Personal LDAP Server

I've been thinking recently about the fact that I have 4 separate address books on my computers, all managed by Evolution. My laptop has one, my home desktop has one, my work desktop has one, and we have started configuring an LDAP server at work too. Obviously none of these are synced and this is a right mess.

So, why can't I run a personal LDAP server? I was thinking about a minimal LDAP implementation (just enough to keep Evolution happy) which writes Maildir-style to many files, meaning Unison can be used to sync any changes. Or write a new backend for OpenLDAP which writes multiple files instead of this posh bdb business. Or use OpenLDAP with the default backend and use the LDAP Sync protocol, which may or may not do what I want.

Of course this hits problems -- an LDAP server needs to open a port, so what port does it open if it is started by a user, and what happens if multiple people login on the same machine. SLP or D-Bus could be used to find the LDAP server, but this is getting rapidly too complicated.

I know Havoc was wondering about LDAP for every user, and I've heard rumours that MacOS X comes configured with a bit of the LDAP server for every user. If anyone knows of answers to my problems, please contact me.

NP: From the Choirgirl Hotel, by Tori Amos (very loudly).

12:09 Wednesday, 21 Jan 2004 [#] [computers] (7 comments)

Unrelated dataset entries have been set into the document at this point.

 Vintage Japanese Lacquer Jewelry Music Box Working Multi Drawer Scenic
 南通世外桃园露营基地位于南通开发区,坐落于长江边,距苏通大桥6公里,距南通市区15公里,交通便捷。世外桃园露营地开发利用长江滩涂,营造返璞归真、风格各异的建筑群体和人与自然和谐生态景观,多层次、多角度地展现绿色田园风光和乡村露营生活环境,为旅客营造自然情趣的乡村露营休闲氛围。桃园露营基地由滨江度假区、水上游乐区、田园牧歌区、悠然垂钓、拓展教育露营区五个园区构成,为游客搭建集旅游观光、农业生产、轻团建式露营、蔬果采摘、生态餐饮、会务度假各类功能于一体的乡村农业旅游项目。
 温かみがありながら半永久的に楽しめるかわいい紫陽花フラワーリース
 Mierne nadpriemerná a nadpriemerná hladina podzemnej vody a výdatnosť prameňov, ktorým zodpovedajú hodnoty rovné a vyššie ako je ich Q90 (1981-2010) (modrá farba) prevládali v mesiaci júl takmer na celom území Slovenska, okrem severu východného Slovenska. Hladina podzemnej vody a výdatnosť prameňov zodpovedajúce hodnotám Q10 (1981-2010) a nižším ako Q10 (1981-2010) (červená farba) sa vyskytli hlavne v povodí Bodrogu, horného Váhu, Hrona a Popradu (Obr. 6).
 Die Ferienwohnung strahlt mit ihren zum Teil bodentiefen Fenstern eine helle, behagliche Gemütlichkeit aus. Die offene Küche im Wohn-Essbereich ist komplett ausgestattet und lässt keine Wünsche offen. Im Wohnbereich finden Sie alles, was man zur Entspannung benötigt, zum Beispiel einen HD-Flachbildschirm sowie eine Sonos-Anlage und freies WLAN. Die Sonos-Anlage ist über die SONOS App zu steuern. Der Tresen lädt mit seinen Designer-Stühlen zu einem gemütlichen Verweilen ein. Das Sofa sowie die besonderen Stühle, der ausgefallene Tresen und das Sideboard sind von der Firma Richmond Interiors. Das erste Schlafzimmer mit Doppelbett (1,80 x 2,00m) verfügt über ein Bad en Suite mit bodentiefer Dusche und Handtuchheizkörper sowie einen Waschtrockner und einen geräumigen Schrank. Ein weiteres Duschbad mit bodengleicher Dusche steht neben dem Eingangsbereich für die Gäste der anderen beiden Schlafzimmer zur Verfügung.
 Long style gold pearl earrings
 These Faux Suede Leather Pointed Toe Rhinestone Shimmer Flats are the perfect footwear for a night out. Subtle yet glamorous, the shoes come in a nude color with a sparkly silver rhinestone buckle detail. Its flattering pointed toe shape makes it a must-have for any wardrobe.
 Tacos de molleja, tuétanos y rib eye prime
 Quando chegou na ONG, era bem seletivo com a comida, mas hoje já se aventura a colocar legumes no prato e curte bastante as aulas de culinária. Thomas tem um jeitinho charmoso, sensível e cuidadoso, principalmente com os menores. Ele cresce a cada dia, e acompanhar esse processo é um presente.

Posted by Sean Etc at Wed Jan 21 15:02:00 2004:
Have you considered using something like Zeroconf for this?  The Howl implementation is particularly nice.
Posted by Beppo Verde at Wed Jan 21 15:42:43 2004:
Pluggable User Metadata Modules with whatever backend, combined with a tweak to NetShard.  That'd be my recommendation.

When on the road, use NetShard to log in to your PersoNet, where you can use a designated channel to sync addressbook data (amongst other things, e.g. calendars).

Just one problem: I just have to write PUMM and NetShard.  ;)
Posted by Kevin Breit at Wed Jan 21 16:04:50 2004:
I setup a personal OpenLDAP server a while ago.  It worked well and was wonderful to use.  Unfortunately, I don't know how to properly administrate it.  This meant that there'd be a 10 second look-up from Evolution before it would return a result.  That is on the same network, leave alone around the world.  I also didn't feel it was sufficiently secure.
Posted by Strass at Wed Jan 21 20:45:40 2004:
Maybe just a personal LDAP server to host your personal branch of your enterprise tree ?
So that somewhere on the enterprise network, you could have the complete tree hosted. The personnal branches are hosted on the personal computer. And each personal branches are synced via some LDAP mechanism with their corresponding branches on the enterprise tree.
Just a thougth.
Maybe I'll do some graphic tomorrow...
Posted by Diego at Sat Feb 14 10:58:12 2004:
i just found this, http://www.fefe.de/tinyldap/ it is a small ldap server (11k binary) that implements some of the ldap protocol, it is pretty fast.
Posted by Ross at Sat Feb 14 12:39:39 2004:
tinyldap is small/fast/etc, but sadly it is read only...
Posted by Matthew at Tue Sep 20 18:12:30 2005:
Did you ever "fix" this problem? I've recently gone to a hosting solution where I pop my email. I'd like to setup an LDAP so I have a central place for all my contact info.

So, did you find an LDAP solution? have you any suggestions?